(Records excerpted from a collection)
--

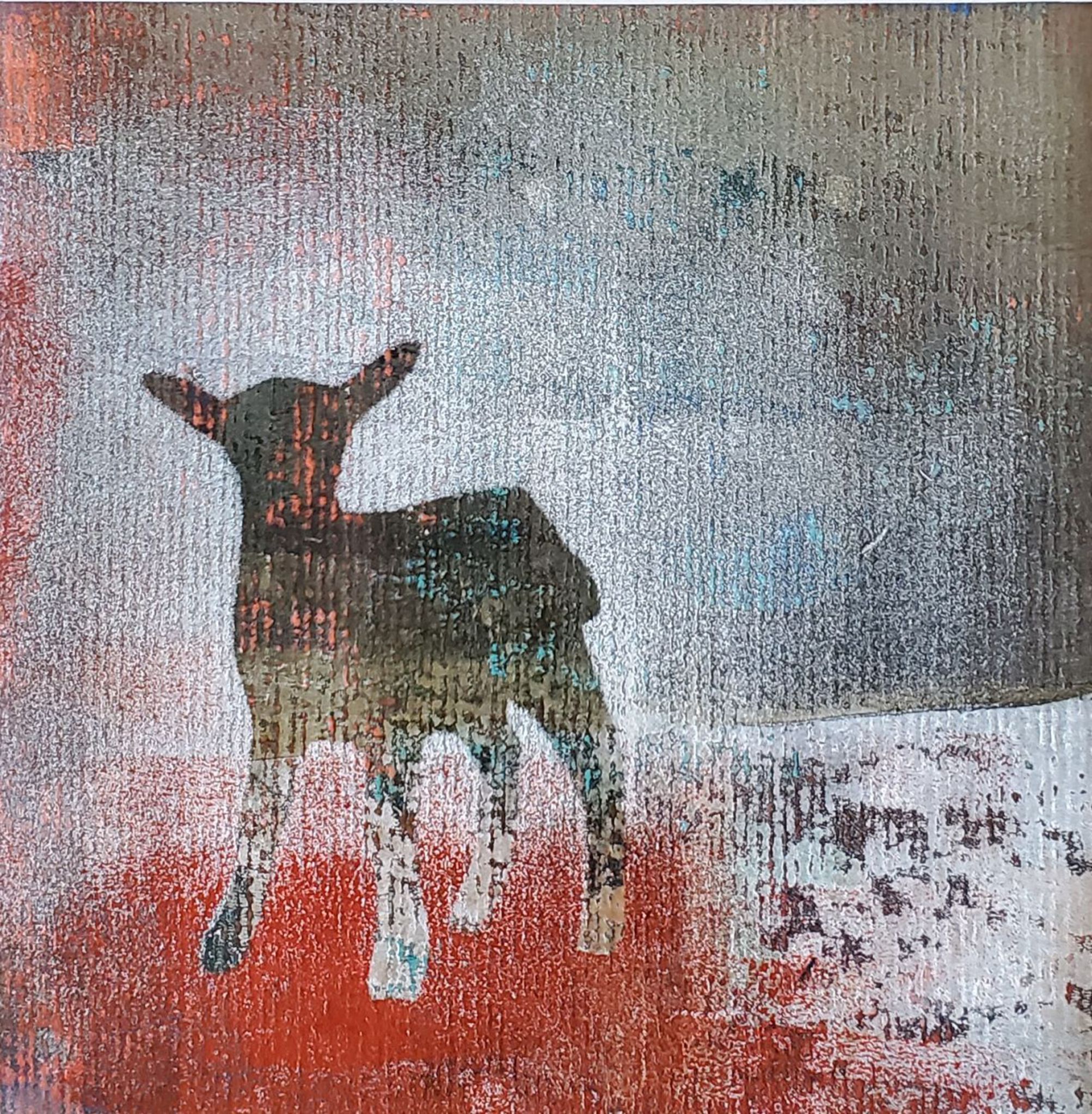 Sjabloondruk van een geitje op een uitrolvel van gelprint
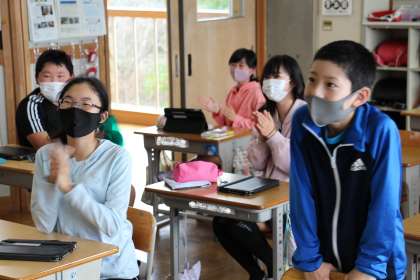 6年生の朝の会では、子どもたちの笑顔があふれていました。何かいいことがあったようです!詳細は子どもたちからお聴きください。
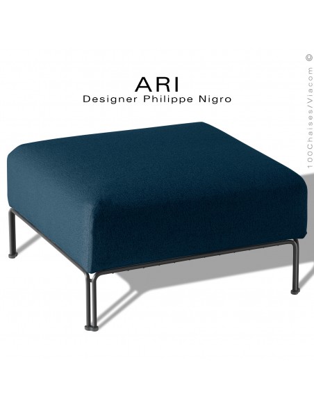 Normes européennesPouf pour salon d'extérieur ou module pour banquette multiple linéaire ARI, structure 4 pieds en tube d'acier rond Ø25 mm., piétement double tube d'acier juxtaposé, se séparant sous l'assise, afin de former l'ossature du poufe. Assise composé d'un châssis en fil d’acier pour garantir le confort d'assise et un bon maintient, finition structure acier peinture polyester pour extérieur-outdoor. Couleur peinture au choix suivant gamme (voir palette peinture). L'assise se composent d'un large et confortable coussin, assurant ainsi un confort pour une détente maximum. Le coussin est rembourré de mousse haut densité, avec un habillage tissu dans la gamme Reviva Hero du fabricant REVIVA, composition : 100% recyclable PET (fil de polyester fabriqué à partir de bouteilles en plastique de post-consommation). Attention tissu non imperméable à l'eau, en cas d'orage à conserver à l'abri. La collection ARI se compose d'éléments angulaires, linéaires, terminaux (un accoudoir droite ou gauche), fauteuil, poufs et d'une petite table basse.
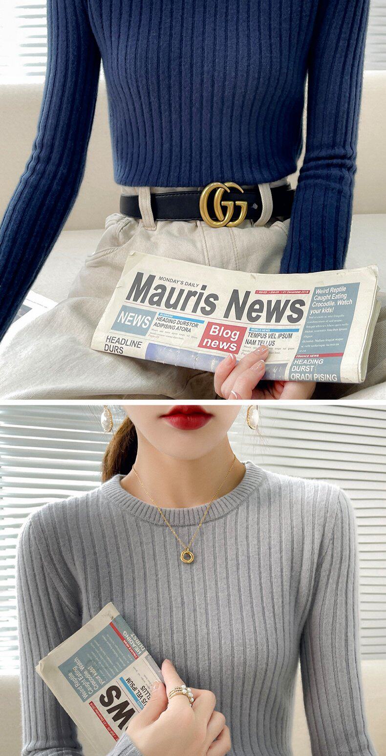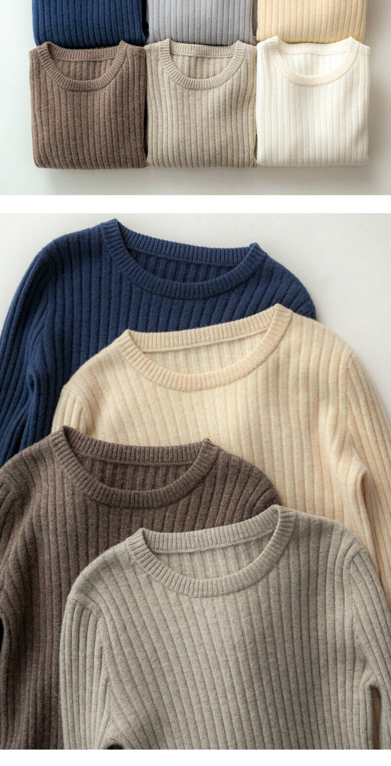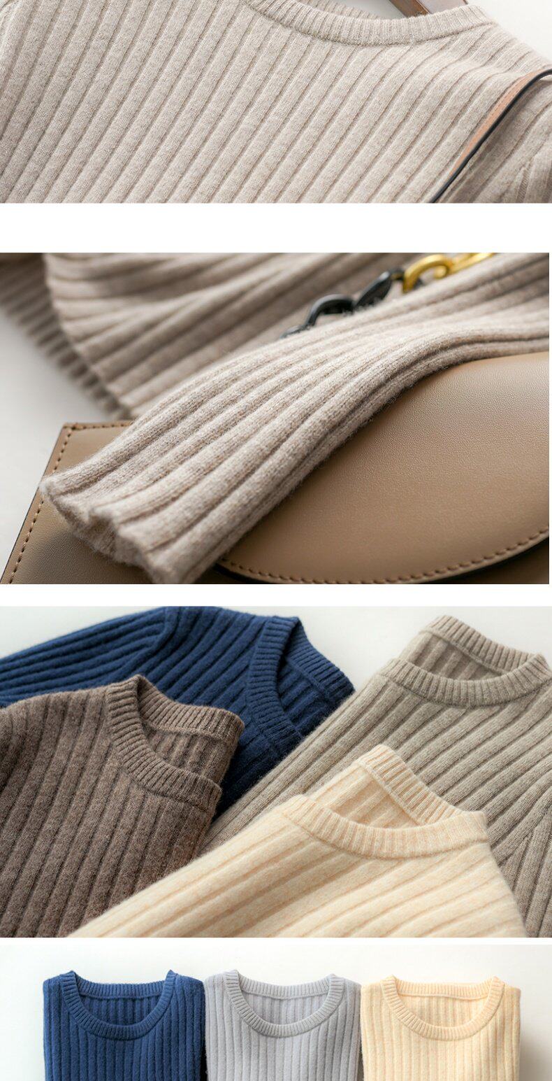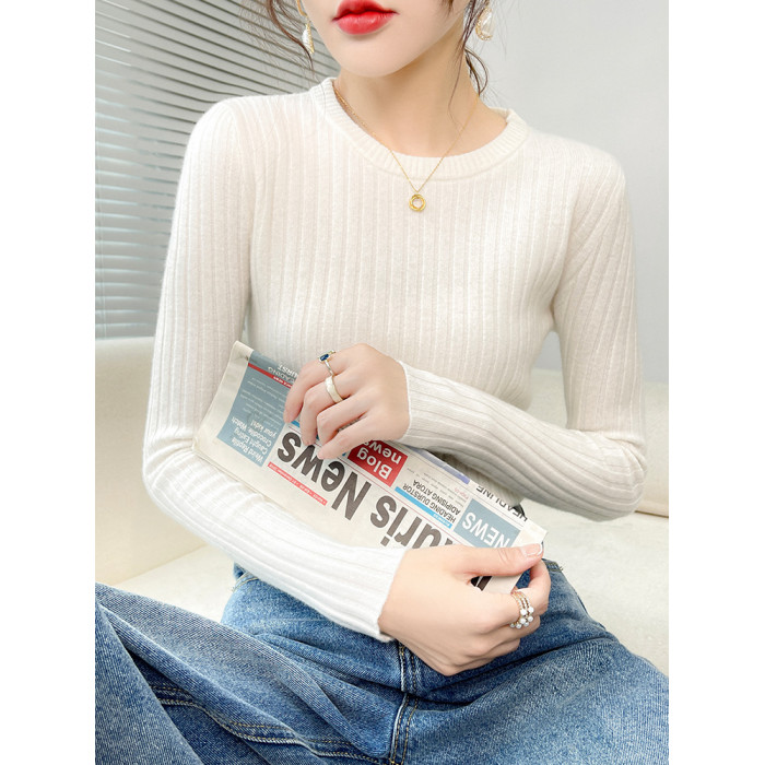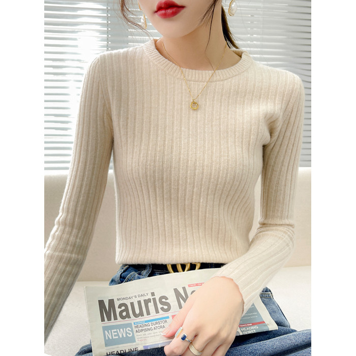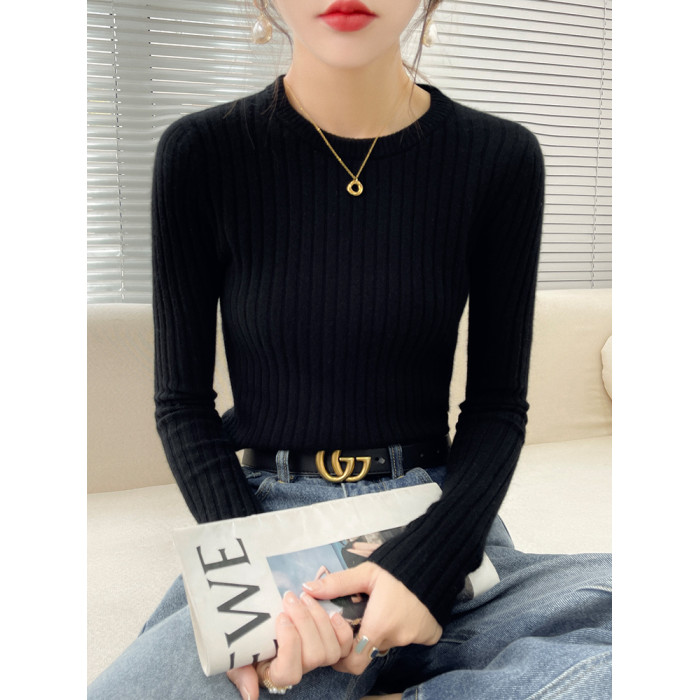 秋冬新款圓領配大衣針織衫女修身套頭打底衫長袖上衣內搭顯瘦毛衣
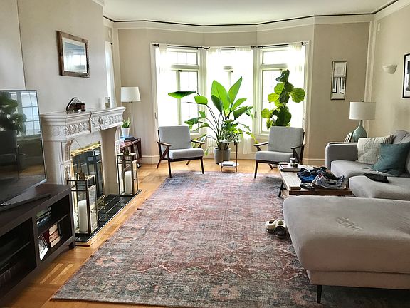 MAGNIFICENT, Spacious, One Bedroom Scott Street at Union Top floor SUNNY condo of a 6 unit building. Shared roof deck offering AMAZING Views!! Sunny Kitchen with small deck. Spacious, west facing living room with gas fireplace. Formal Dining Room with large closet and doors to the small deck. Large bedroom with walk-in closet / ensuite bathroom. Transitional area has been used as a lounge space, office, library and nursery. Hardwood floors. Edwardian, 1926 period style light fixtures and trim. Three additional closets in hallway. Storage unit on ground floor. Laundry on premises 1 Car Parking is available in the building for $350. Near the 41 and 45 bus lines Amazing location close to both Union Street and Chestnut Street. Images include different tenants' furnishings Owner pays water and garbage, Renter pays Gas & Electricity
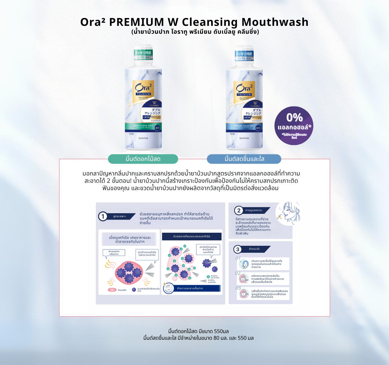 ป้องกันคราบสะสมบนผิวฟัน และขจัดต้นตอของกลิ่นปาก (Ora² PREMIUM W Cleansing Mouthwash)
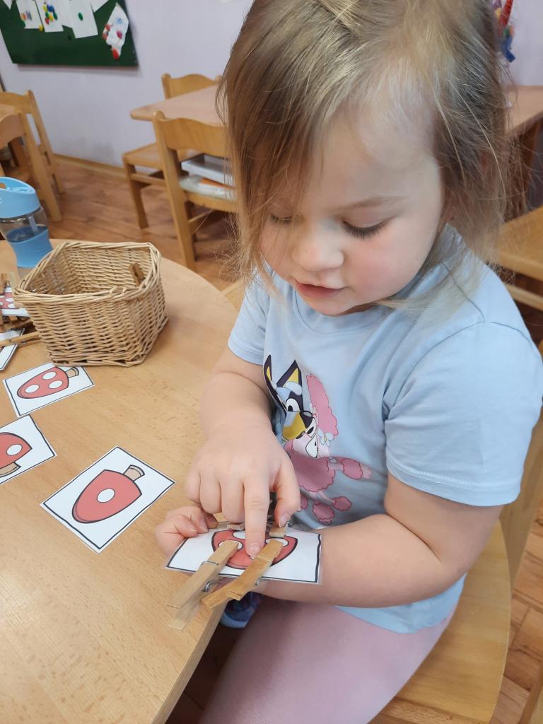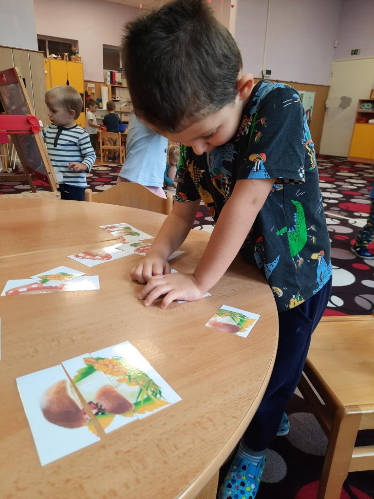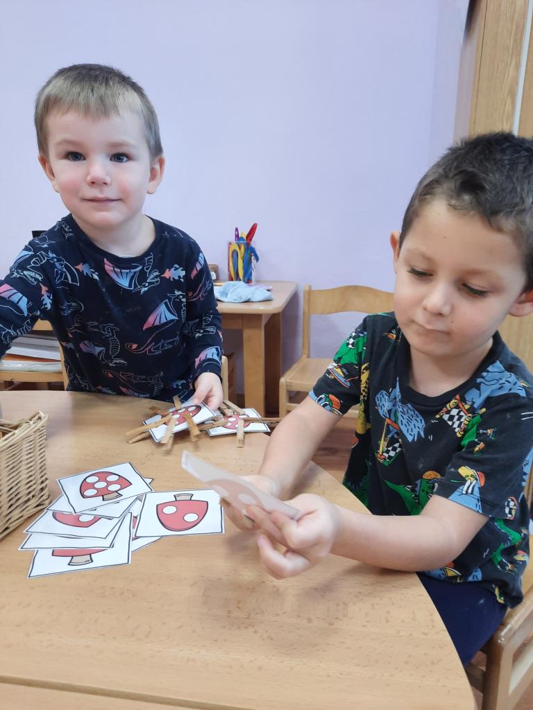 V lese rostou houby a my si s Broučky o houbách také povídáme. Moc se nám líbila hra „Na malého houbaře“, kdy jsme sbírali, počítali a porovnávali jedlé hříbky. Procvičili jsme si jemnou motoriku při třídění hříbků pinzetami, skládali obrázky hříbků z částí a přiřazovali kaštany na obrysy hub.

--

When pictures appear in the records above, leave them out and reproduce exactly each line from the first through the line containing "6年生の朝の会では、子どもた", both included.

Solved exercise:
 Sjabloondruk van een geitje op een uitrolvel van gelprint
 6年生の朝の会では、子どもたちの笑顔があふれていました。何かいいことがあったようです!詳細は子どもたちからお聴きください。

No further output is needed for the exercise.